Bill de hOra wrote:
Martin Atkins wrote:
Bill de hOra wrote:
1,2,4,5 I think are duplicates, 3 depends on what activity:published
means. But on reading through the spec, I see that "5.5. The
activity:object Extension Element" is saying to use atom:* elements.
So I think the example XML is buggy, and here's my attempt at a fix
by throwing in xmlns and xml:base declarations:
Note that the top-level entry here represents the activity or action,
while the content of activity:object (which is also an Atom Entry in
all but name) represents the object of the activity.
Therefore these are in fact not duplicates. The entry-level atom:title
is a human-readable description of the activity ("Geraldine posted
...") while the activity:object atom:title is the title of what
Geraldine posted, which in this case is a photo with the title "My Cat".
- with that many elements there will be boilerplate data injected into
one or the other. James has already mentioned this, and it is an age old
problem with markup, one that predates XML and HTML. Given what I know
about event formats in general and SN specific data like activities
which I have to aggregate, I think you have too many tags, which leads
me to...
- ...volume. My rule of thumb is that each interesting thing that
happens in a web system causes about 10 events and you should plan to
scale accordingly. I believe social network activity to be like this. My
guess is that verbosity of the proposal (which I don't normally care
about) will be an adoption factor.
Activity aggregator services already use the entry-level title to encode
a human-readable activity description, and they do this for the
benefit of non-activity-aware consumers, so the actual title of the
object must be in a distinct element.
My intent with activity:object was to be able to re-use the Atom
elements which are already understood rather than inventing new
elements.

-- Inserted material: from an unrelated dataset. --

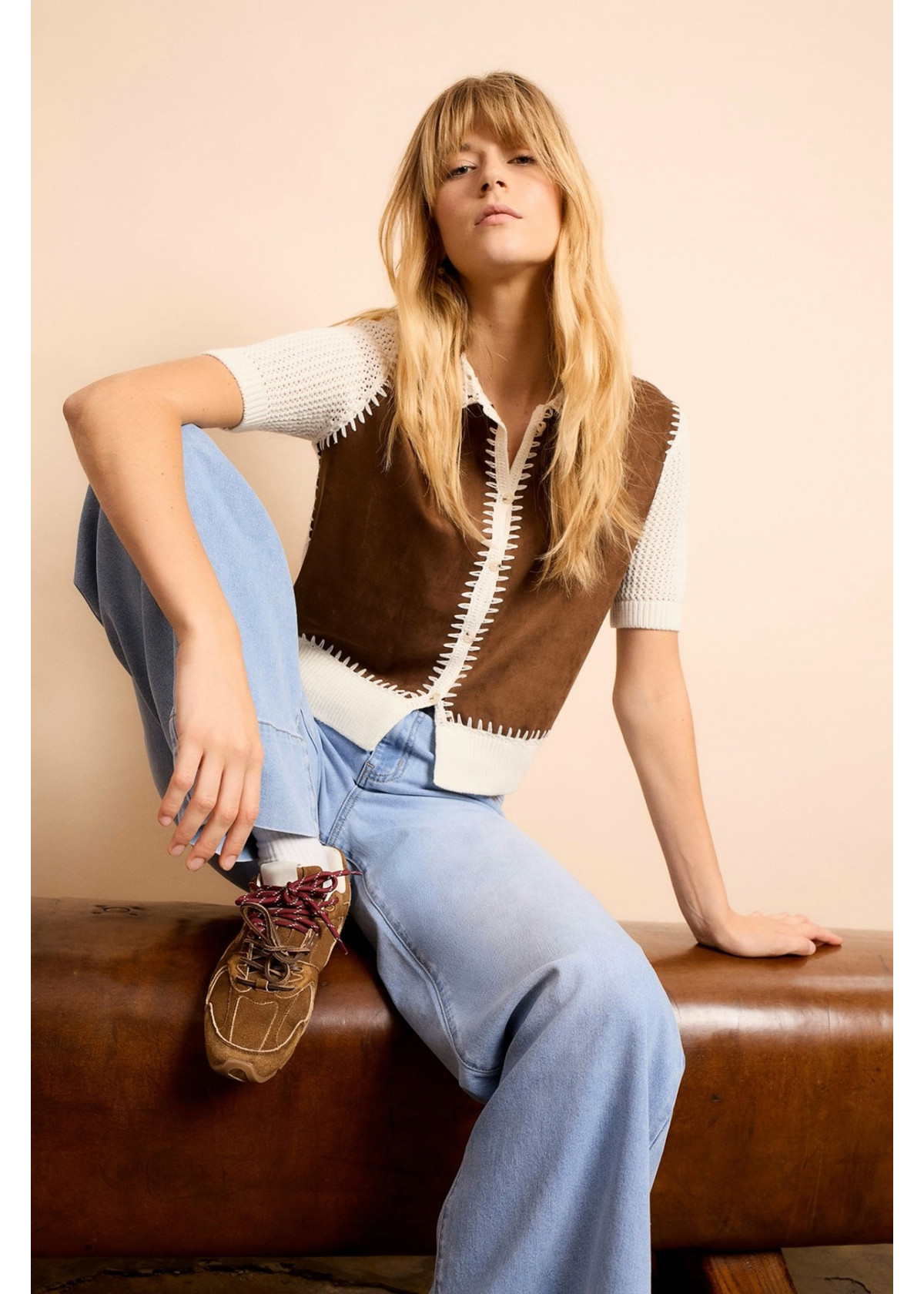 Corte estrecho, largo reducido Cuello y tapeta de botones con costuras a mano Manga corta con puños acanalados Borde acanalado reforzado con elastano

I consider this to be similar in design to atom:source, which
re-uses the existing Feed-level elements.
And even if you are right about non-duplication, then there are still
two arguments to be had,
- rename all the activity elements so people are not confused about the
purpose of the elements (I don't necessarily agree with this approach,
but it's real)
So you believe that re-using the Atom elements inside activity:object is
confusing? If this is the case, then my design has indeed failed, since
my intention was exactly the opposite... that activity:object/atom:title
would be understood to mean "the title of the object" based on people's
existing understanding of what atom:title means.
- either remove atom:source from activity:object or type qualify
atom:source as being the source of the action and lift it up. I have a
doubt you need both elements, unless there is a use case where an
intermediary like friendfeed needs atom:source for something else.
atom:source inside activity:object tells us where the aggregator (i.e.
FriendFeed) found the object.
atom:source as a sibling of activity:object comes into play when the
source feed already contains activity entries; FriendFeed is not
synthesizing implied activities in this case.
The most readily-available example of such an instance is when I feed
the output of Plaxo (another activity aggregator) into FriendFeed. In
that case, there ought to be an atom:source sibling to activity:object
that refers to the Plaxo feed, while the atom:source inside
activity:object would be the source as far as *Plaxo* is concerned.
Without this distinction, the following activity published on Plaxo:
"Martin posted a photo on Flickr"
would become the following when read into FriendFeed:
"Martin posted a photo on Plaxo"
or worse,
"Martin posted 'Martin posted a photo on Flickr' on Plaxo'"
Do you believe that this level of indirection is counter-intuitive?
You are correct that in this case there is ambiguity for a few elements:
* If the verb is something other than "post", atom:published becomes
the activity time rather than the published time. The definition of
the "post" verb means that for that verb the activity time and the
publication time are always the same, since it was not published until
it was posted.
* atom:author becomes the activity actor rather than the author of the
object. Again, in the "post" case these are the same, but for other
verbs they are not necessarily the same. Unfortunately existing
practice constrains the solution here; for example, YouTube's
"favorite" feeds have atom:author set to the user that owns the feed,
not the user who authored the video. Therefore the spec currently says
that the author belongs to the activity, not to the object.
In markup-land, these are called co-occurence constraints. I would try
to avoid them if possible :)
As I'm sure you will have seen, I've started a separate thread about
this, since I believe the problem is more general than AtomActivity.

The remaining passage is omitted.